Have you heard people — okay, lawyers — talk about "the Southern District"? As if you MUST know what they mean? Surely not the Southern District of West Virginia — one of the coolest names in the entire U.S. court system.
No. Not that. This:
S.
D.
N.
Y.
Where Learned Hand sat before Calvin Coolidge put him on the Second Circuit. That one.
A couple of days ago, a panel of the court that Judge Hand adorned in all his 37 years there Reined In one of those whose judgments it checks for error. And the panel, per curiam-wise, said His Honor had Gone Too Far.
The case involved a fight between the Securities and Exchange Commission and Citigroup Global Markets over the latter's sales of — yikes — "collateralized debt obligations". Citigroup's hawking of CDOs misled people who bought them, the SEC urged, because Citigroup had to know they'd hugely drop in value once the market woke up to the fact that the collateral — often real estate mortgages — had Far Less Value than the buyers had guessed.

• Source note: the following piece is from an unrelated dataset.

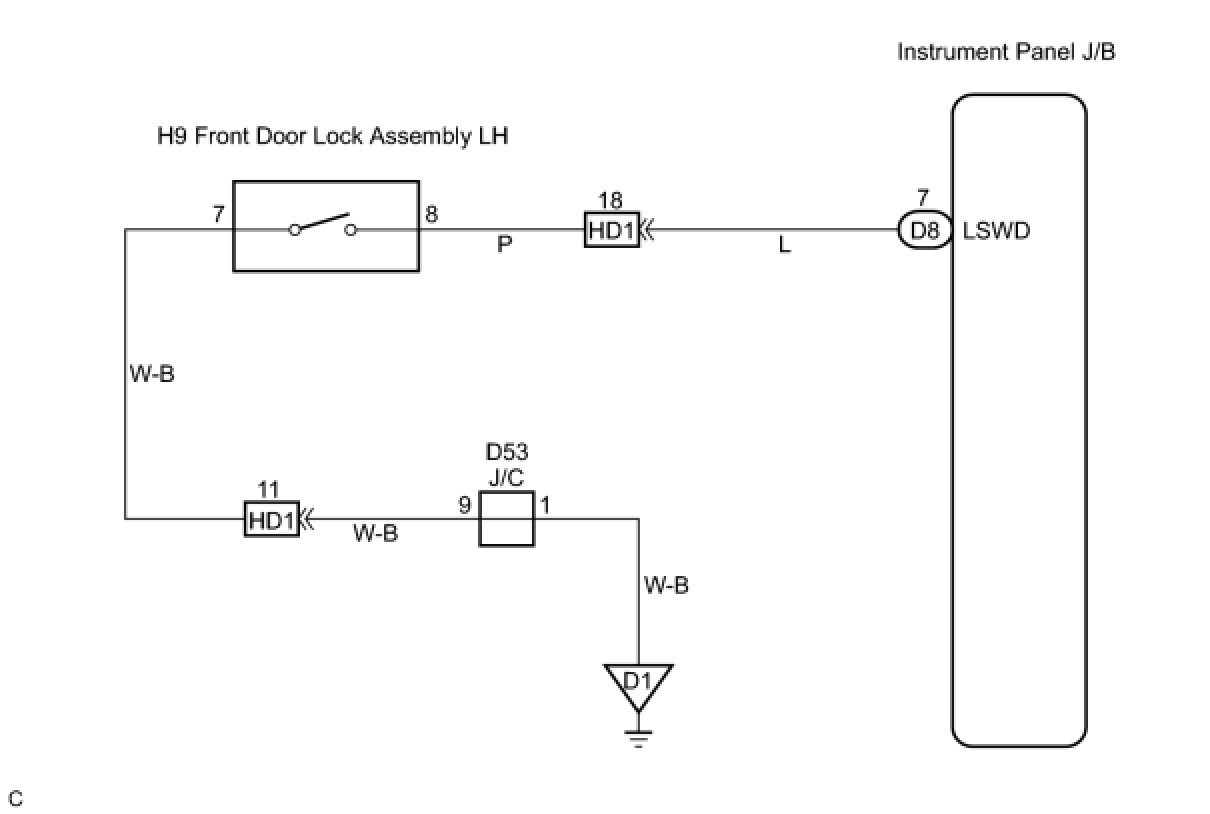 DOOR LOCK: POWER DOOR LOCK CONTROL SYSTEM: Driver Side Door UNLOCK Detection Switch Circuit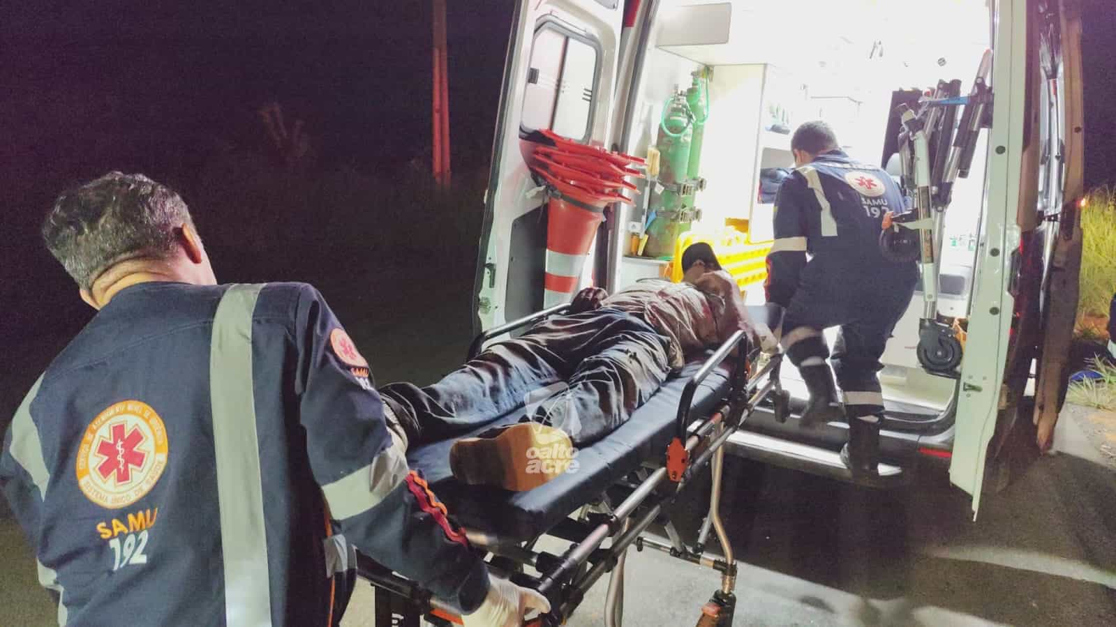 Acidente ocorreu na noite de quarta-feira (4), no km 13 da rodovia AC-10; vítima foi socorrida pelo Samu e levada ao Pronto-Socorro de Rio Branco

The SEC and Citigroup struck a deal that would return to the CDOs buyers $285 million — an amount that Blawgletter thinks reflects a Small Fraction of what the Victims really Lost. But the court, in the guise of U.S. District Judge Jed Rakoff, said Try Again or Go to Trial.
Citigroup filed an appeal and asked for a stay of the ruling. The Second Circuit panel granted the request. It said:
The district court’s reasoning was that the settlement must be deemed to be either insufficiently onerous or excessively onerous unless the liability of Citigroup had been either proved or disproved at trial or one side or the other had conceded the issue. This is tantamount to ruling that in such circumstances, a court will not approve a settlement that represents a compromise. It is commonplace for settlements to include no binding admission of liability. A settlement is by definition a compromise. We know of no precedent that supports the proposition that a settlement will not be found to be fair, adequate, reasonable, or in the public interest unless liability has been conceded or proved and is embodied in the judgment. We doubt whether it lies within a court’s proper discretion to reject a settlement on the basis that liability has not been conclusively determined.
Securities and Exchange Comm'n v. Citigroup Global Markets, Inc., No. 11-5227-cv, slip op. 11-12 (2d Cir. Mar. 15, 2012).